Even us apostates who’ve never been able to overcome the obstacles of all that pointless whistling, the precious pizzicato violin-plucking, the obfuscatory nature of the Thesaurus-mining lyrics and the penchant toward arcane and twee sounds such as Tin Pan Alley pop, stodgy 1920s jazz, Kurt Weill cabaret and gypsy folk music always have granted Andrew Bird’s ambition—no one ever could accuse the man of cookie-cutter conformity or a lack of vision—as well as the deep emotional connection he makes with those who do believe, however incomprehensible that may be to the rest of us. So what happens when, on his seventh solo album, the Chicago maestro eliminates one of those hurdles, burning his Scrabble board and talking more directly than he ever has in the lyrics?

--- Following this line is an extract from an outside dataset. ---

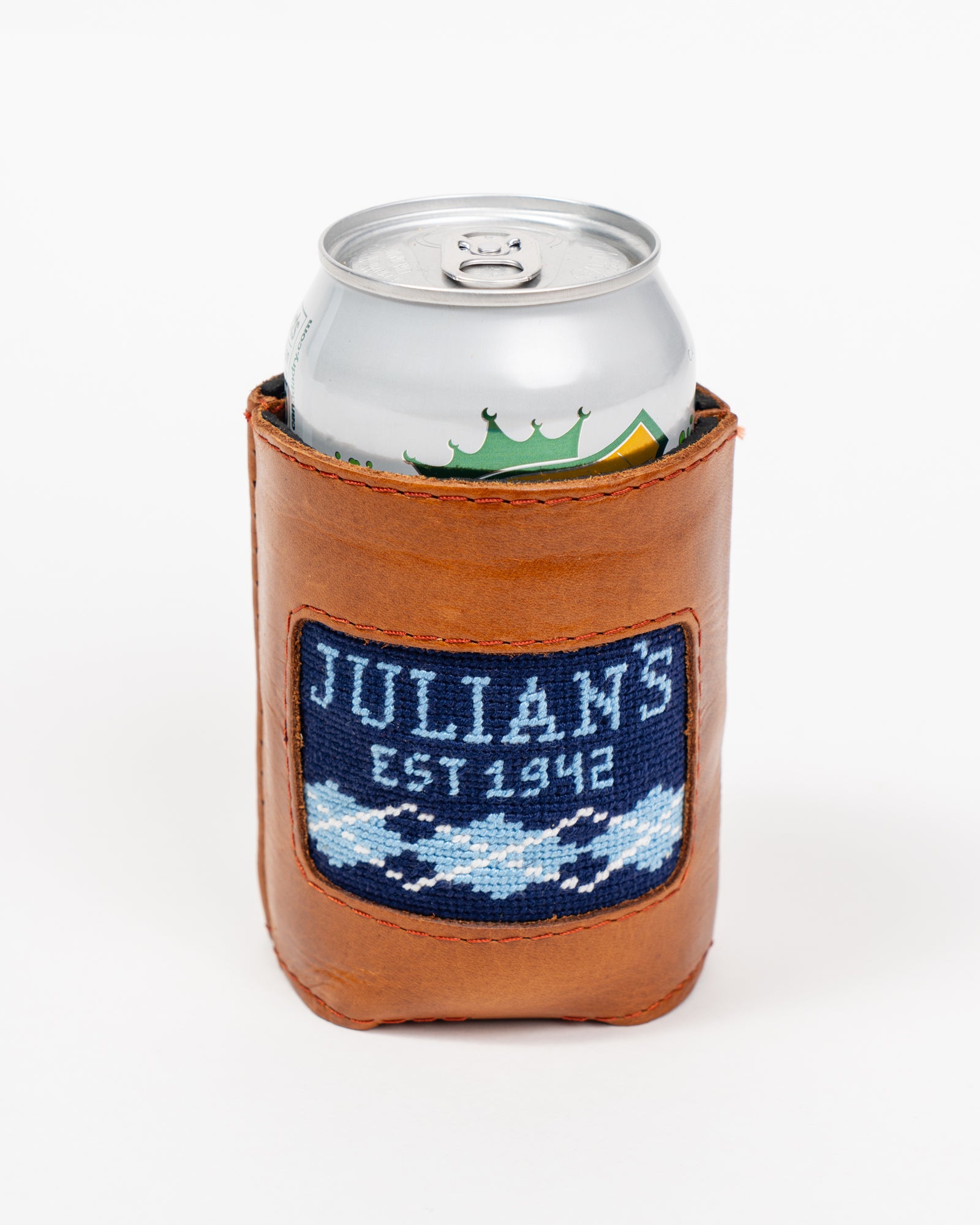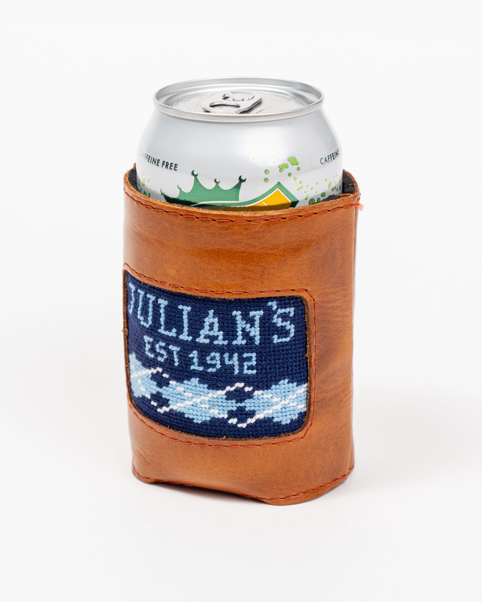 Our can coolers combine our signature 100% hand-stitched needlepoint with an Italian, full grain leather exterior and neoprene liner. Keeping you and your drink cool.

Well, sad to say, you’ve still got to tussle with the damned whistling, violin, and pre-rock musical preciousness. And in this corner, the charms of those factors, not to mention Bird’s reedy voice, remain elusive, through both the jauntier tunes (“Desperation Breeds,” “Eyeoneye” or “Lusitania,” a duet with the similarly handicapped Annie Clark/St. Vincent) and the sleepier ballads (“Hole in the Ocean Floor,” “Lazy Projector,” “Fatal Shore”). And, sorry, finally understanding and even appreciating a line such as “We’ll dance like cancer survivors/Like we’re grateful simply to be alive” (from “Near Death Experience Experience,” which turns out to kinda be a—gasp!—love song) doesn’t ultimately make the whole package any more appealing.
Rating on the four-star scale: 1 star.